Material to process START

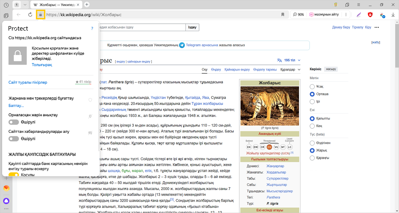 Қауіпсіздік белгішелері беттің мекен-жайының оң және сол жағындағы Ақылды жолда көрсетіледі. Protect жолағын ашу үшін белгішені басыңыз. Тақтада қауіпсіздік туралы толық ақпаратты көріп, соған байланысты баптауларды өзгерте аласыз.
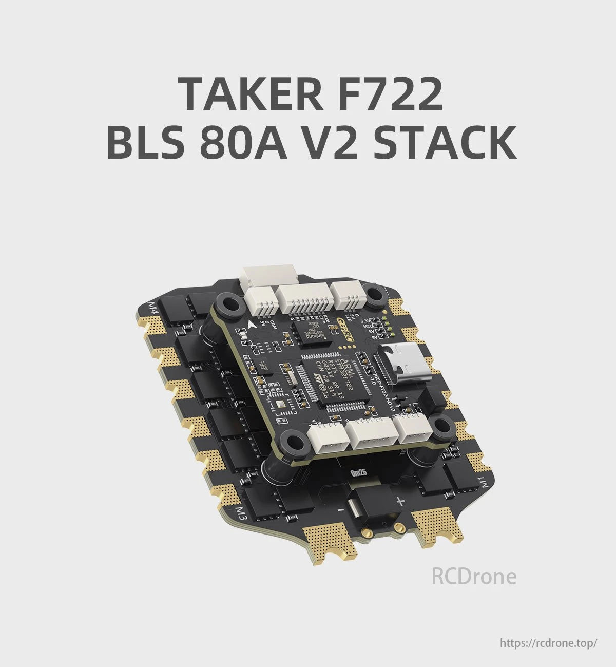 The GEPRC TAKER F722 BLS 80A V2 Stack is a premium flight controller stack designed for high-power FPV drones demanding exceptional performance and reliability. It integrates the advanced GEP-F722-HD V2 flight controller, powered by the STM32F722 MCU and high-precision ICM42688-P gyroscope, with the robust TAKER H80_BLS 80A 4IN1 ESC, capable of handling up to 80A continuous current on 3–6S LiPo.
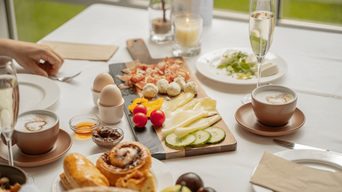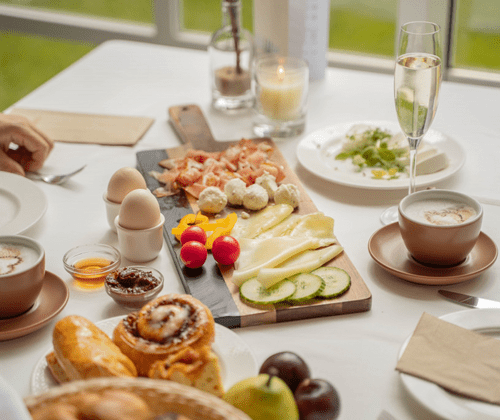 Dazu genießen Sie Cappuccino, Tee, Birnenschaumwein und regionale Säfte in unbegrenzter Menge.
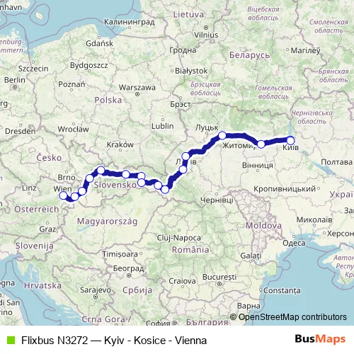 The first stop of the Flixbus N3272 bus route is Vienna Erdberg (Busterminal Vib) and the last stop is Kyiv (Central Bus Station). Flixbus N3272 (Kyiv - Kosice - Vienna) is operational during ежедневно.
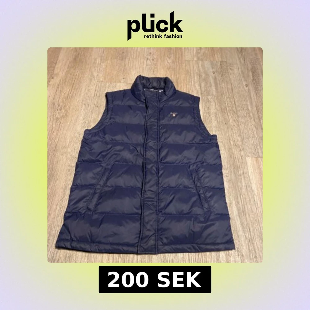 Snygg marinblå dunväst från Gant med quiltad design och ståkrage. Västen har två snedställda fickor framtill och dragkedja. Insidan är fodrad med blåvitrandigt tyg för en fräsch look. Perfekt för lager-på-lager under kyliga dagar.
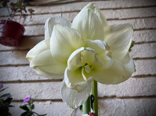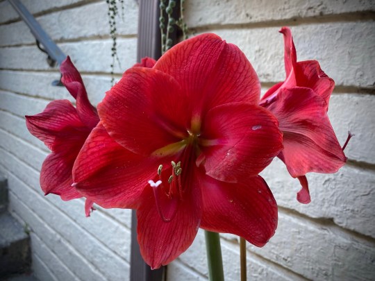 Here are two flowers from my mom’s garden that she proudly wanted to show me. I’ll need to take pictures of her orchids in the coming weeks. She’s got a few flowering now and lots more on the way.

Material to process END

How to complete this task |
An exact copy of all the data above is required; omit any pictures.

Result of this exercise |
 Қауіпсіздік белгішелері беттің мекен-жайының оң және сол жағындағы Ақылды жолда көрсетіледі. Protect жолағын ашу үшін белгішені басыңыз. Тақтада қауіпсіздік туралы толық ақпаратты көріп, соған байланысты баптауларды өзгерте аласыз.
 The GEPRC TAKER F722 BLS 80A V2 Stack is a premium flight controller stack designed for high-power FPV drones demanding exceptional performance and reliability. It integrates the advanced GEP-F722-HD V2 flight controller, powered by the STM32F722 MCU and high-precision ICM42688-P gyroscope, with the robust TAKER H80_BLS 80A 4IN1 ESC, capable of handling up to 80A continuous current on 3–6S LiPo.
 Dazu genießen Sie Cappuccino, Tee, Birnenschaumwein und regionale Säfte in unbegrenzter Menge.
 The first stop of the Flixbus N3272 bus route is Vienna Erdberg (Busterminal Vib) and the last stop is Kyiv (Central Bus Station). Flixbus N3272 (Kyiv - Kosice - Vienna) is operational during ежедневно.
 Snygg marinblå dunväst från Gant med quiltad design och ståkrage. Västen har två snedställda fickor framtill och dragkedja. Insidan är fodrad med blåvitrandigt tyg för en fräsch look. Perfekt för lager-på-lager under kyliga dagar.
 Here are two flowers from my mom’s garden that she proudly wanted to show me. I’ll need to take pictures of her orchids in the coming weeks. She’s got a few flowering now and lots more on the way.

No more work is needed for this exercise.